## EXERCISE DESCRIPTION
Find the line below with "이번 투표에서 T1의" and the line with "- Kashani, A.G.;". Output them and the lines between, exactly, but not the pictures.

## EXCERPTED DATA
********

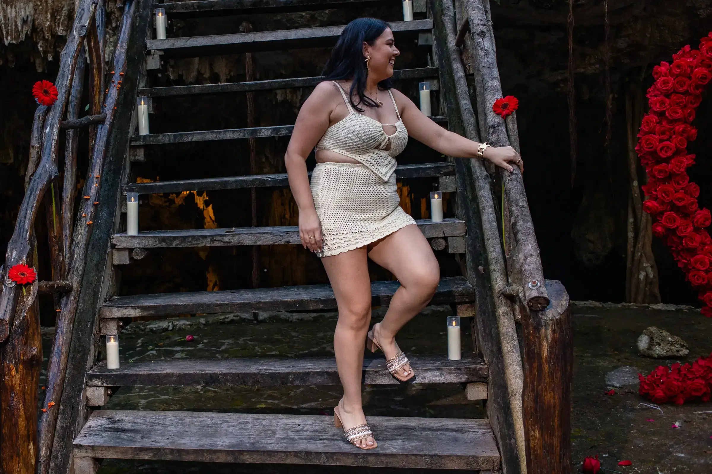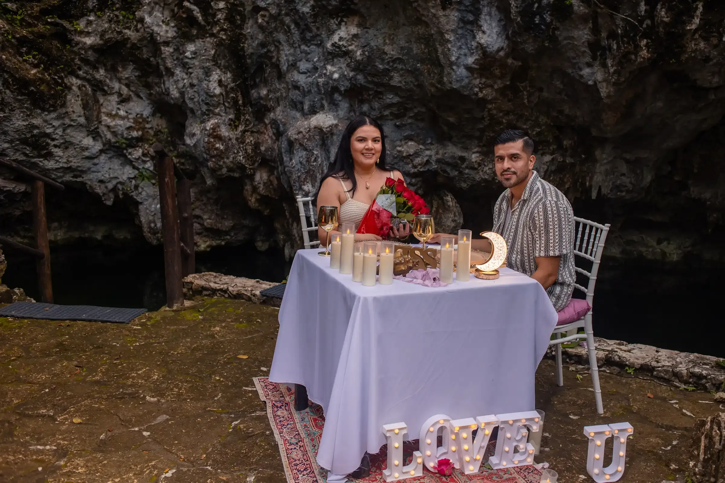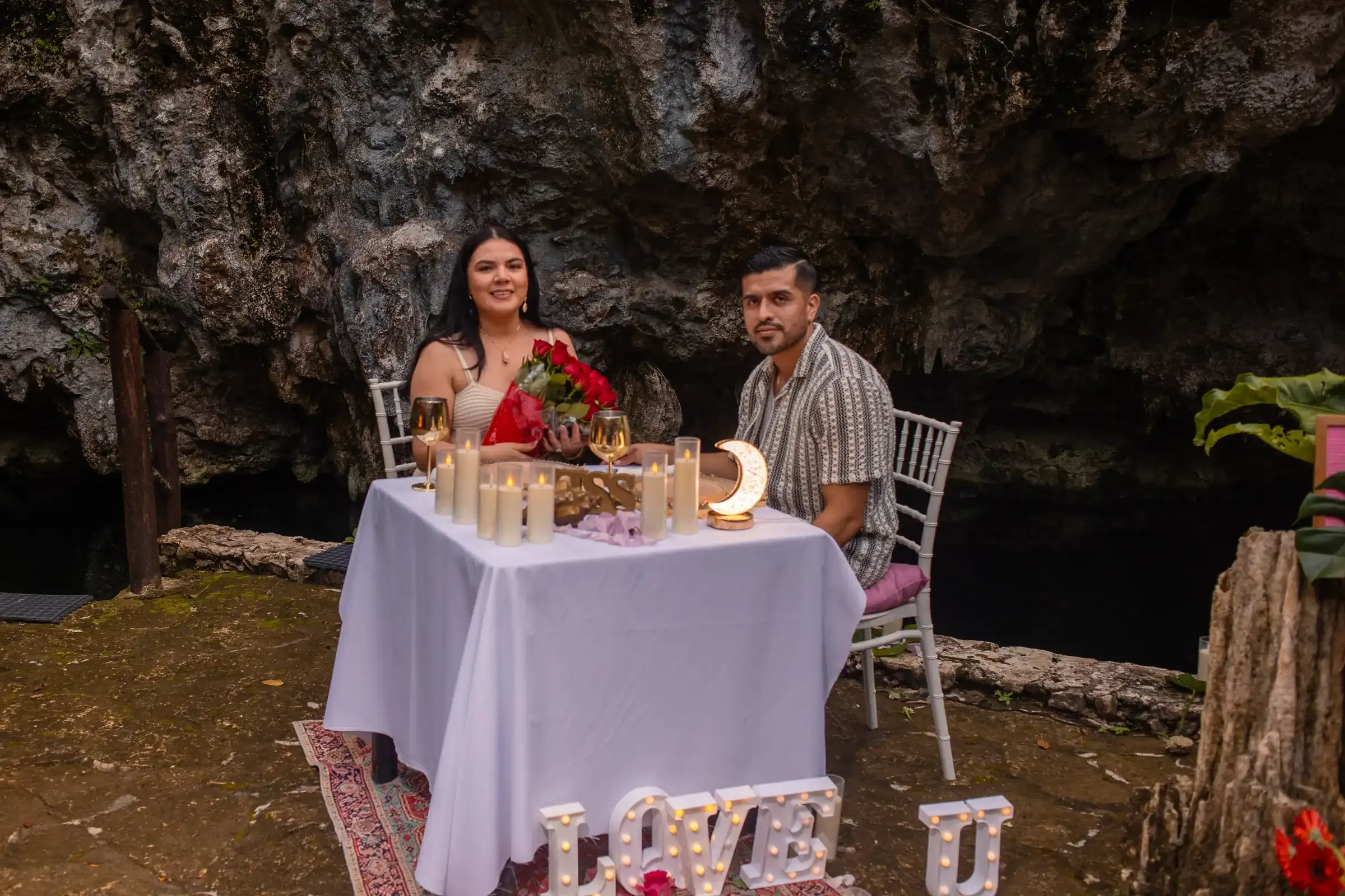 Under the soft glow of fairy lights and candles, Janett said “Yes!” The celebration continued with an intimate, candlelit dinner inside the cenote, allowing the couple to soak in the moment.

********

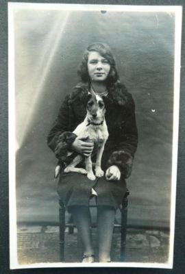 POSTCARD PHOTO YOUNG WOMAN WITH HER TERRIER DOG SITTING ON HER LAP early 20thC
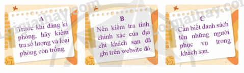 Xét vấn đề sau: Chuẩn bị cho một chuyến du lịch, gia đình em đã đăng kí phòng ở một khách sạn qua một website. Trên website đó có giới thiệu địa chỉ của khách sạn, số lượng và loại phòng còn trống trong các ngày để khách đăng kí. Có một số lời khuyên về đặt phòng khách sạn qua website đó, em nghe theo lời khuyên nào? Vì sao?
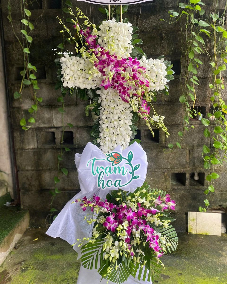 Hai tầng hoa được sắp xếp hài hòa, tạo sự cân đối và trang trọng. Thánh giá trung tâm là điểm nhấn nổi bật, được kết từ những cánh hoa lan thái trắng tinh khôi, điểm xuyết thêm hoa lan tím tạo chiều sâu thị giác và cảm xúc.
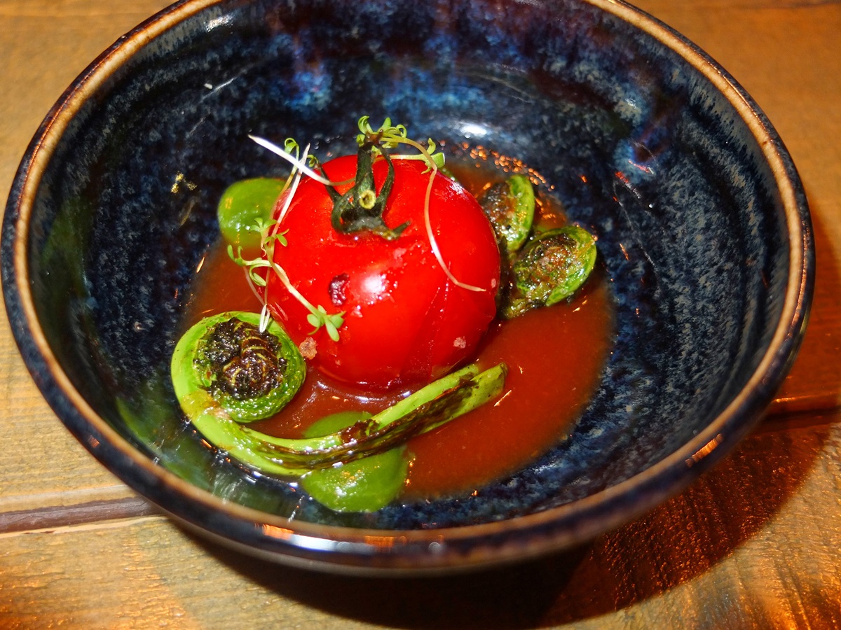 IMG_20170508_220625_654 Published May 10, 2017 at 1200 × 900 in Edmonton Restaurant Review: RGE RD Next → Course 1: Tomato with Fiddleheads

********

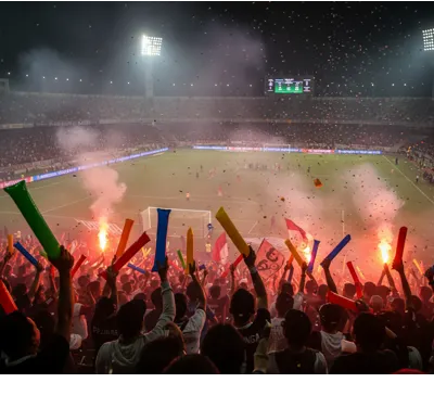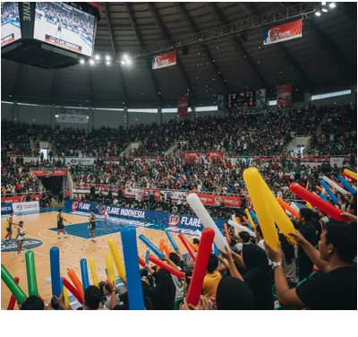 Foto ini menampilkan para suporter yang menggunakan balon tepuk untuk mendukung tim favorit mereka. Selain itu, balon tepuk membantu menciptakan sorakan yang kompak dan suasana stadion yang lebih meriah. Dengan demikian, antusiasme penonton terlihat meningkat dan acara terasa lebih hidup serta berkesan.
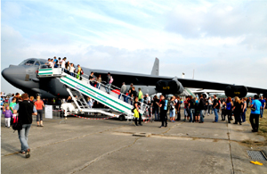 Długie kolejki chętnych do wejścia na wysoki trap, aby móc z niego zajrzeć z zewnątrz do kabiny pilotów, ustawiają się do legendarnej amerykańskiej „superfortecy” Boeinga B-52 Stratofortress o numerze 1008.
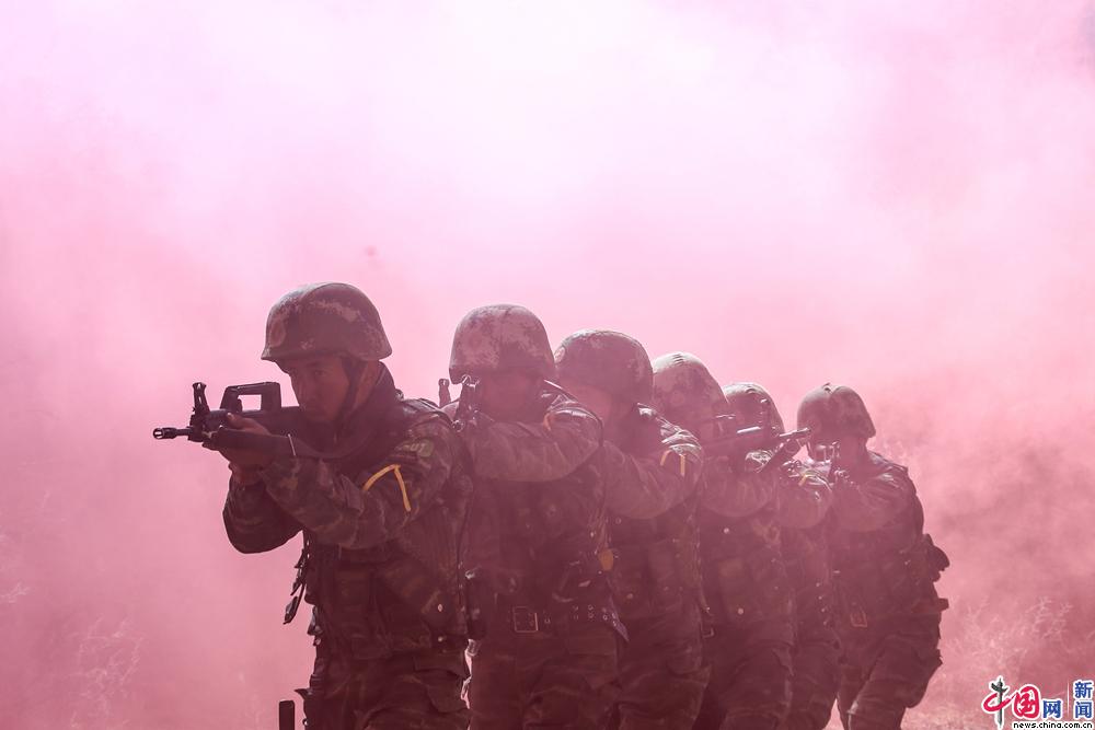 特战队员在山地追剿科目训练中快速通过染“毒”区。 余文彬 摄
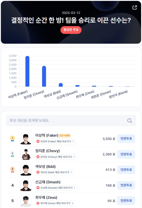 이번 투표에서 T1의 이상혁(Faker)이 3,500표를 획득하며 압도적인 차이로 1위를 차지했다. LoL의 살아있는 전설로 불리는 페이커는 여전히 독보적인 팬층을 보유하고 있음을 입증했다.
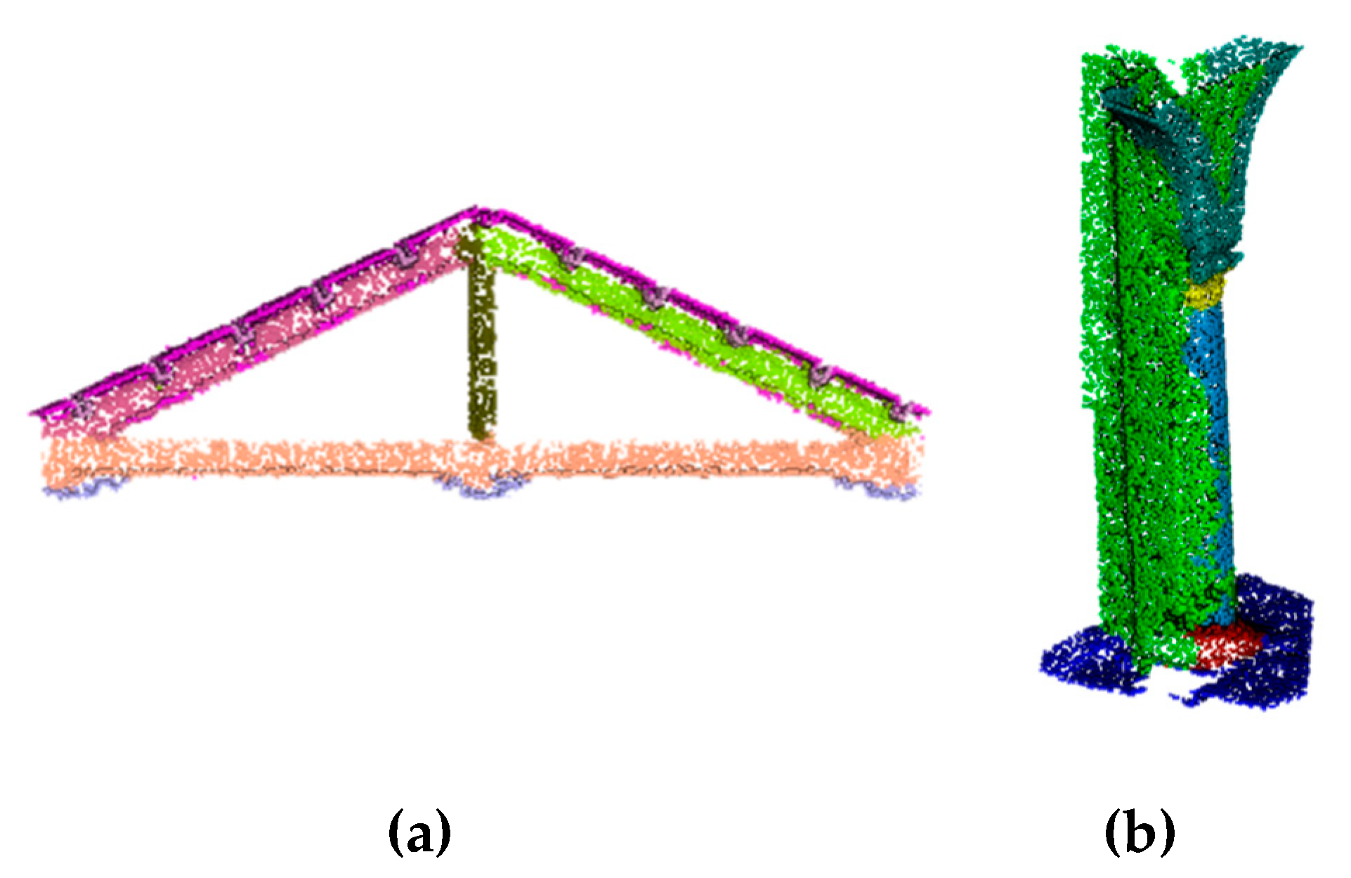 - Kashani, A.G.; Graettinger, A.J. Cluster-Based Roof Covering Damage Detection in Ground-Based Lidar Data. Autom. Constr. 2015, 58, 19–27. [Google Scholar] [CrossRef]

********

## PROBLEM SOLUTION
 이번 투표에서 T1의 이상혁(Faker)이 3,500표를 획득하며 압도적인 차이로 1위를 차지했다. LoL의 살아있는 전설로 불리는 페이커는 여전히 독보적인 팬층을 보유하고 있음을 입증했다.
 - Kashani, A.G.; Graettinger, A.J. Cluster-Based Roof Covering Damage Detection in Ground-Based Lidar Data. Autom. Constr. 2015, 58, 19–27. [Google Scholar] [CrossRef]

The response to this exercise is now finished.